Items listed in a dataset
* * * * * * * * *

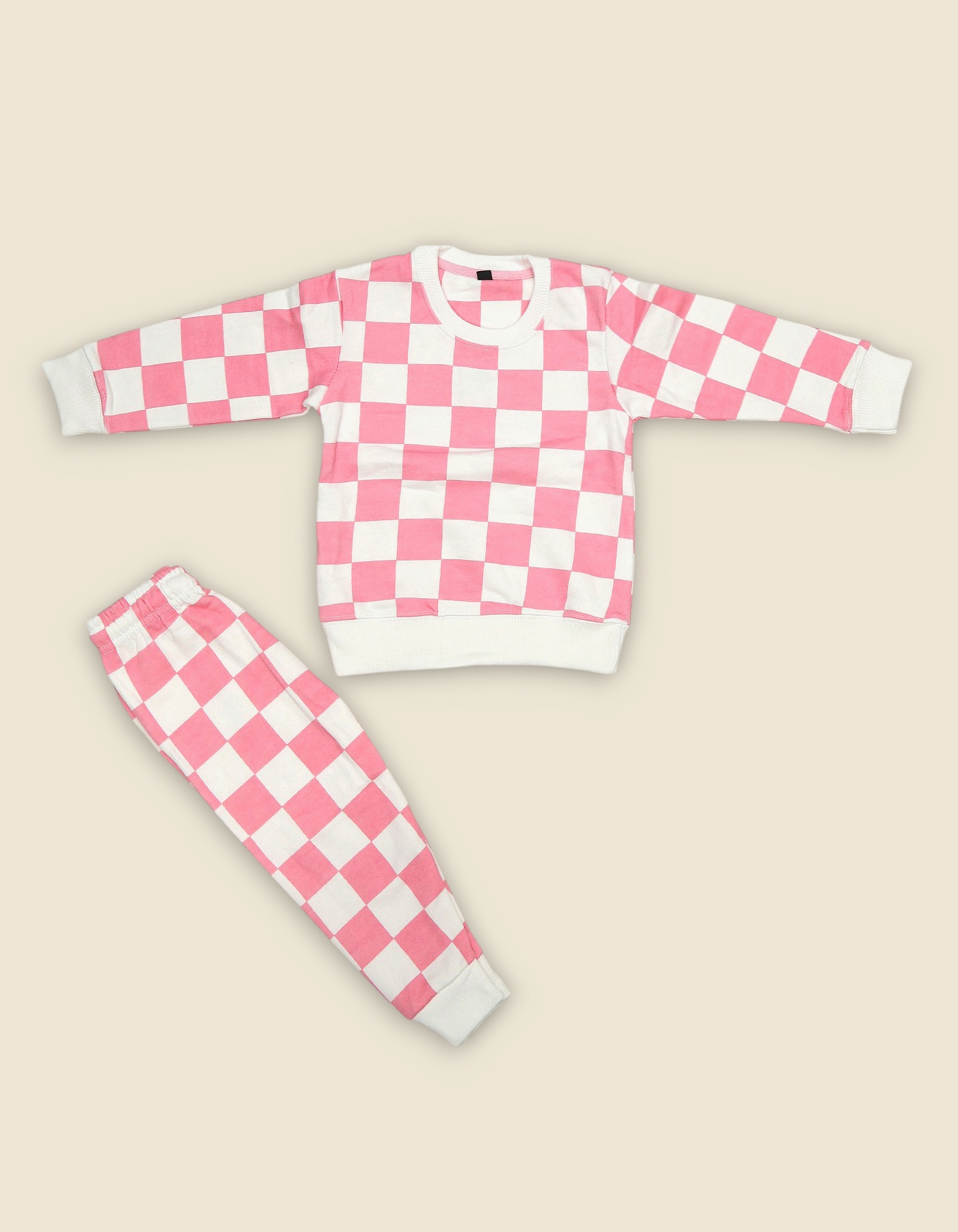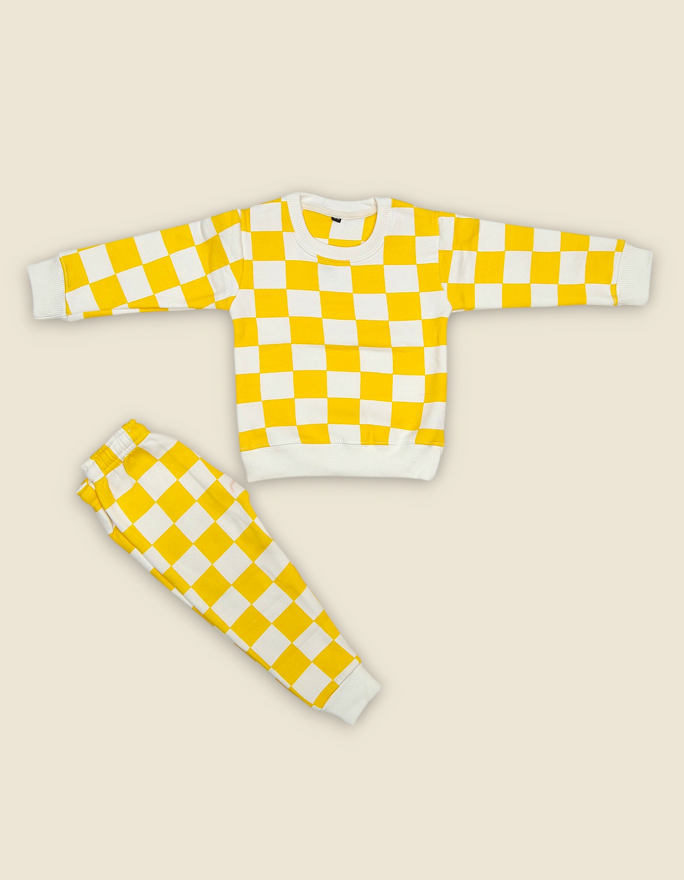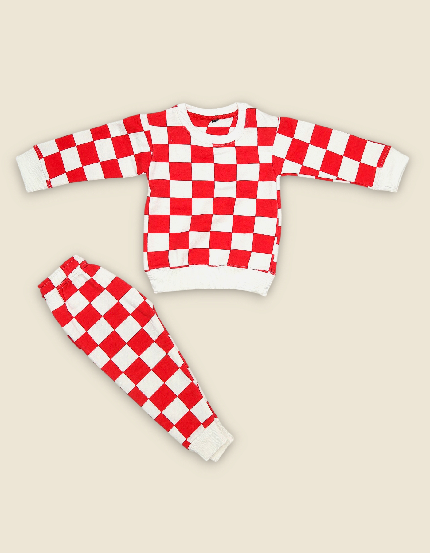 Trendy boys track suit with bold checkerboard design. Comfortable and stylish for casual wear outings and gifting
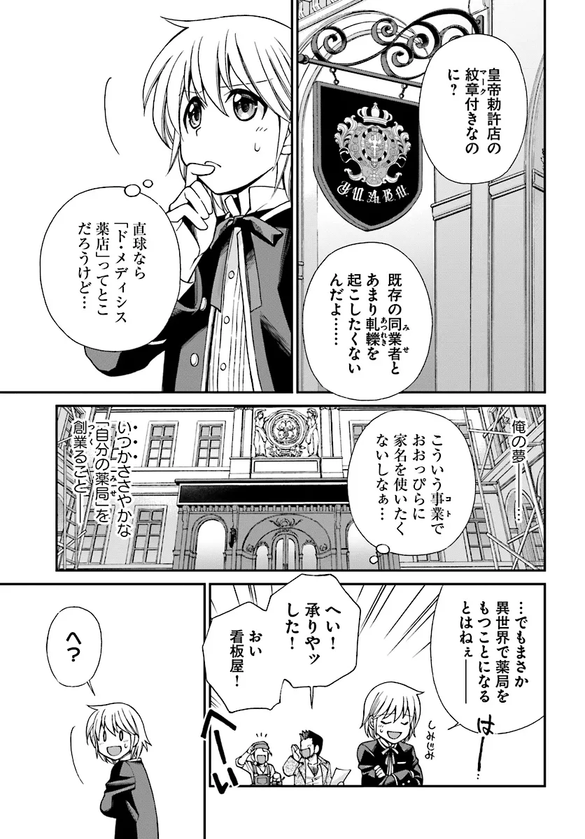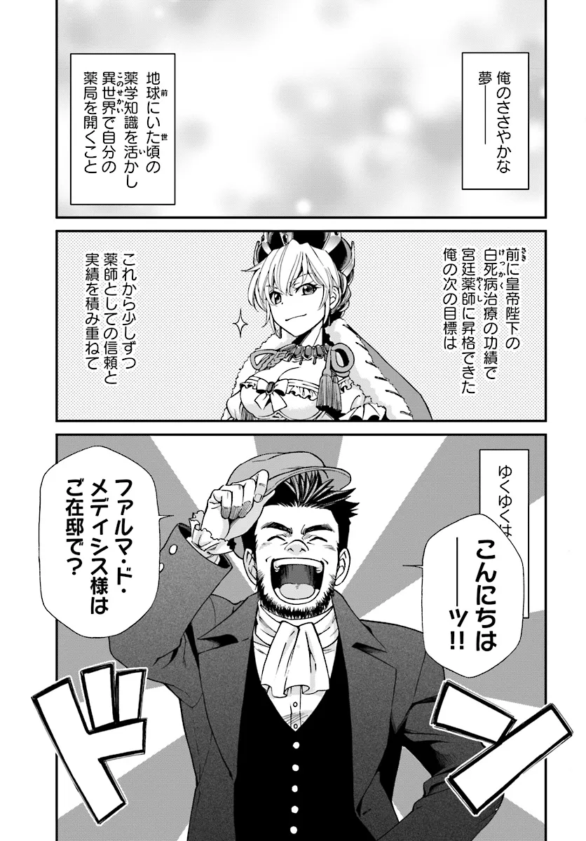 研究に没頭するあまり過労死してしまった若き薬学者。 しかし彼は異世界で宮廷薬師の名家の息子、 ファルマとして転生していた。 間違った治療法や薬の調合が横行するこの異世界で 彼は前世で培った現代薬学と手に入れたチート能力で 人々を救おうとあらゆる疾病に立ち向かう。
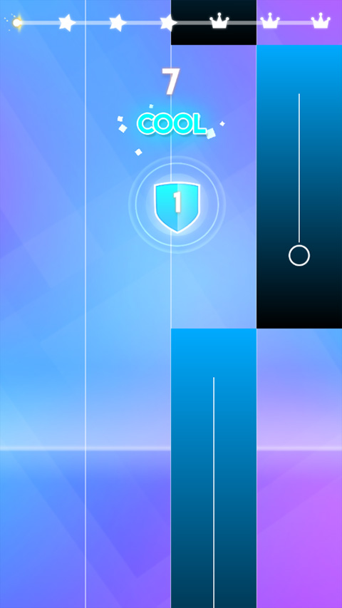 2、精准点击钢琴键可获1分,部分钢琴键较长,长按能持续得分,因此遇到长钢琴键,别只点一下,要尽可能获取更多分数。
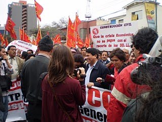 Nota. La foto muestra un aspecto de la manifestación en Lima organizada por la CGTP. Podemos ver al compañero Mario Huamán, secretario general, declarando a los periodistas la solidaridad de los peruanos con la huelga general española. La foto la hizo nuestro amigo Carlos Mejía. A continuación le damos la palabra a don Lluís Casas.
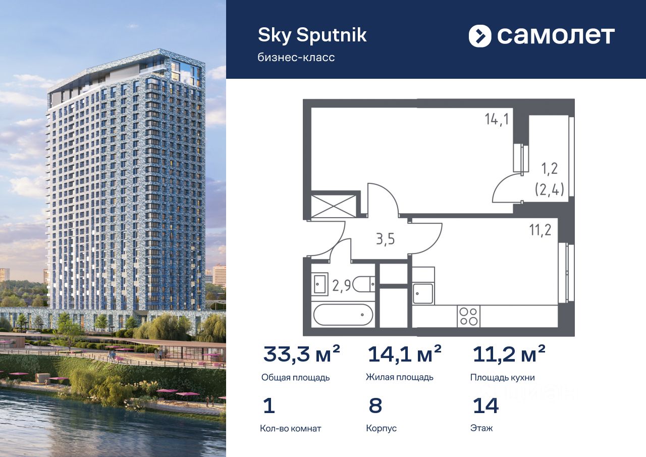 Строим кварталы для жизни с заботой о будущем. Предлагаются 1-комнатные апартаменты бизнес-класса 33,3 кв.м в корпусе 8 на 14 этаже, в Sky Sputnik
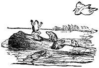 Жабите, недоволни, че си нямат владетел, изпратили посланици при Юпитер да молят за цар. Като ги виждал колко са наивни, той хвърлил един грамаден дънер в езерото. Жабите били ужасени от плясъка, предизвикан от падането му, и се скрили във водните дълбини. Но щом осъзнали, че огромният дънер не помръдва, те отново заплували към повърхността на водата, пропъдили страха си, покачили се и наклякали върху него с пренебрежение. След известно време те започнали да се чувстват онеправдани, че са им сложили такъв бездеен владетел и изпратили втора делегация при Юпитер да го молят да им изпрати друг монарх. Юпитер, недоволен от непрестанните им оплаквания, изпратил една чапла, която преследвала жабите ден подир ден, докато не останала нито една да квака в езерото.
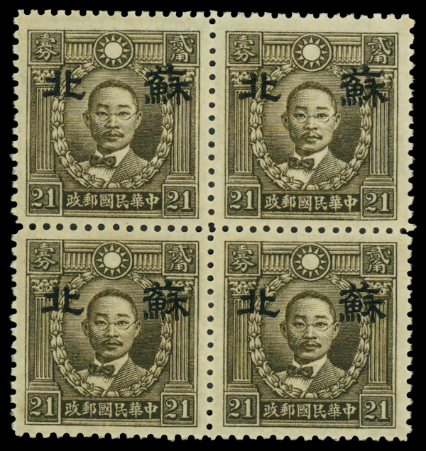 5881 nhbl 6N57 image1941, 21c olive brown Martyrs Issue Chu Chih-hsin overprinted (Scott 6N57), block of 4, o.g., never hinged, Fine to Very Fine.
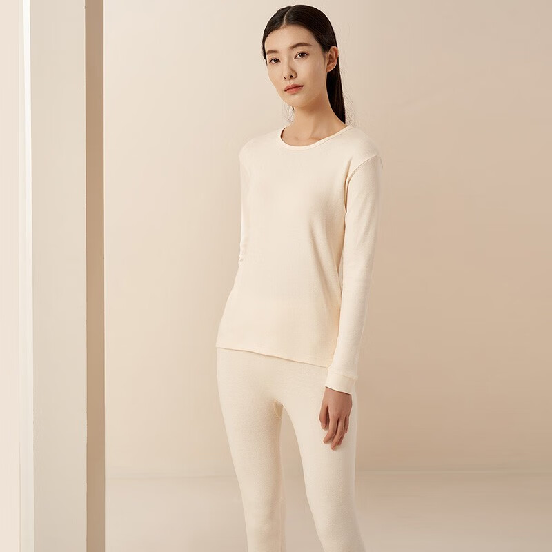 宜而爽 100%全棉秋衣秋裤套装圆领打底纯棉毛衫纯棉保暖内衣,女款浅玉XL尺寸,在寒冷的秋季为您带来温暖和舒适。
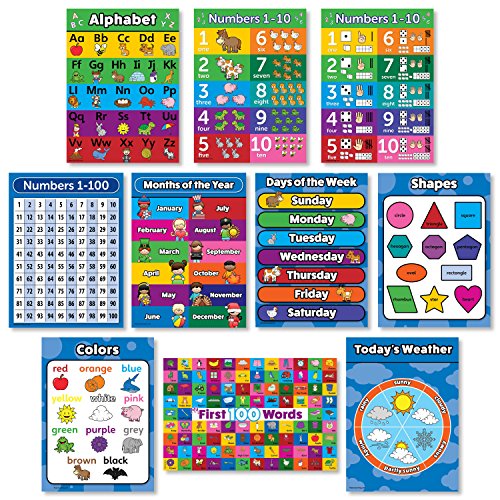 Title: Toddler Learning Laminated Poster Kit - 10 Educational Posters for Preschool Kids - ABC - Alphabet Numbers 1-10 Shapes Colors Numbers 1-100 Days of The Week Months of The Year Weather Chart
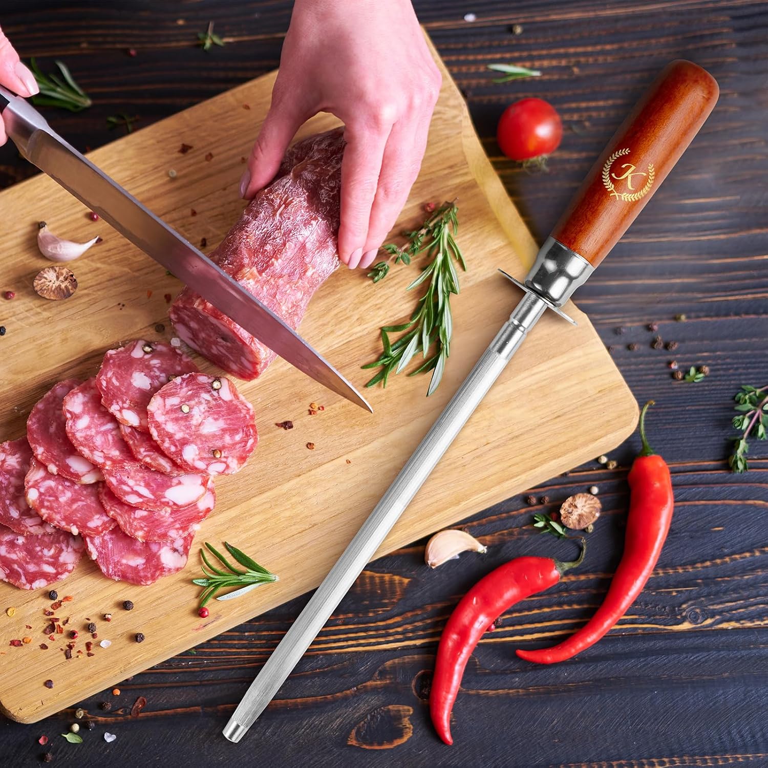 Knife Sharpener Rod, Kitchen Knives Sharpener Carbon Steel Professional Knife Sharpening Steel, Honing Rod with Hanging Holes (13 inches), K
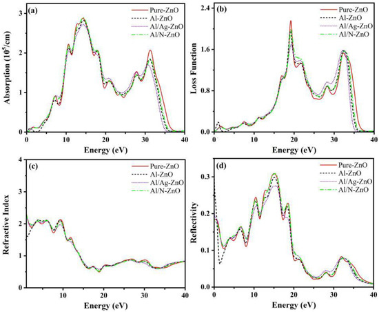 Figure 6a revealed the absorption of pristine and doped ZnO. The peaks in the x, y, and z directions appear at about 3.80 eV, 3.89 eV, and 3.92 eV, respectively. Al/Ag-ZnO has an absorption peak (19.95~21.24 eV), indicating that the light absorption is enhanced after metal/metal co-doping. The maximum peak of the total absorption coefficient is observed at around 14.23 eV, while the total absorption peak is at 2.90 eV. The energy-loss function is another important optical constant, which is usually used to evaluate the energy loss of electrons passing through a homogeneous medium. Figure 6b is the energy-loss function for pristine and doped ZnO with the peak at 19.19 eV. This peak reflects the characteristics related to plasma oscillation. For example, the oscillation frequency is the corresponding plasma frequency, and the maximum (or peak) is a multiple of the plasmon energy or frequency. In Figure 6c, the refractive index almost remains unchanged, especially in higher energy region. The reflectivity of the pristine and doped ZnO is displayed in Figure 6d. If the reflectivity is 1, this indicates that the material exhibits perfect reflectivity. The calculated reflectivity of Al-ZnO at 0 eV (surface) is 0.33, which shows that Al doping improves the reflectivity of ZnO.
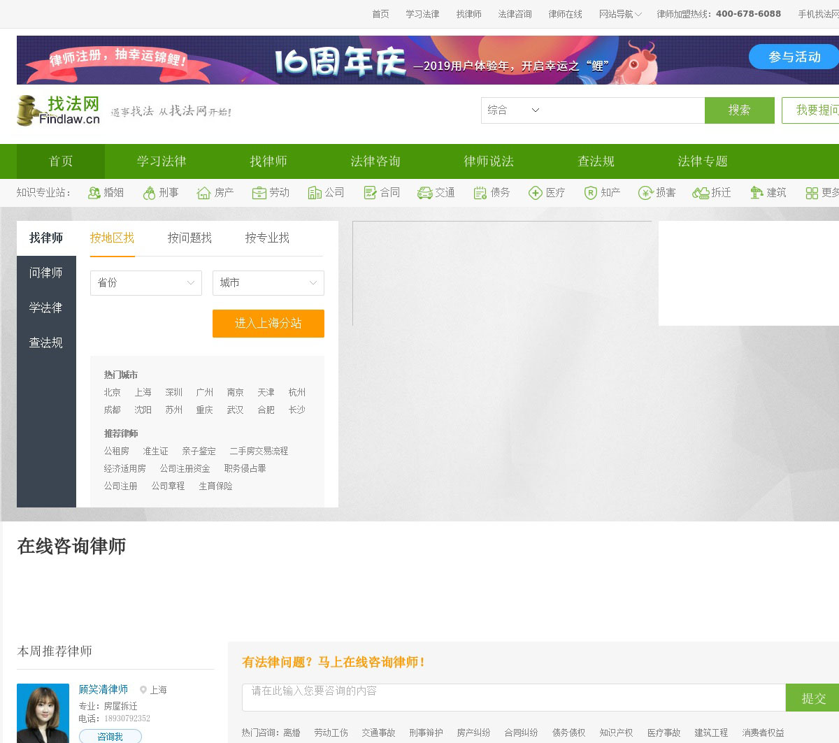 遇事找法,从找法网开始!15年法律咨询领导品牌,3164万需求者寻求帮助、在线找律师的第一站。找法网拥有注册律师近17万、年解答咨询量超过400万、年代理案件超20万,每天创造了超3万次的法律咨询互动,是律师实力强、信誉佳的法律服务平台。
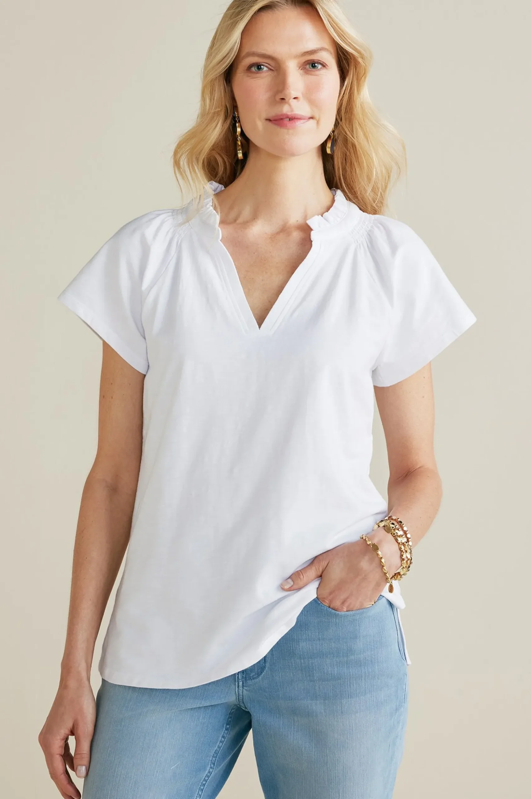 A warm weather essential with extra style, this tee is made from our super-soft SUPIMA® cotton slub fabric for all-day ease. Raglan extended cap sleeves with smocked shoulders, a banded collar, and a split placket lend this casual look delightful detail.

* * * * * * * * *

### Work order
From the data above, return only the lines starting at the line that holds "5881 nhbl 6N57" and ending at the line that holds "Knife Sharpener Rod, Kitchen", word for word and without pictures.

### Exercise output
 5881 nhbl 6N57 image1941, 21c olive brown Martyrs Issue Chu Chih-hsin overprinted (Scott 6N57), block of 4, o.g., never hinged, Fine to Very Fine.
 宜而爽 100%全棉秋衣秋裤套装圆领打底纯棉毛衫纯棉保暖内衣,女款浅玉XL尺寸,在寒冷的秋季为您带来温暖和舒适。
 Title: Toddler Learning Laminated Poster Kit - 10 Educational Posters for Preschool Kids - ABC - Alphabet Numbers 1-10 Shapes Colors Numbers 1-100 Days of The Week Months of The Year Weather Chart
 Knife Sharpener Rod, Kitchen Knives Sharpener Carbon Steel Professional Knife Sharpening Steel, Honing Rod with Hanging Holes (13 inches), K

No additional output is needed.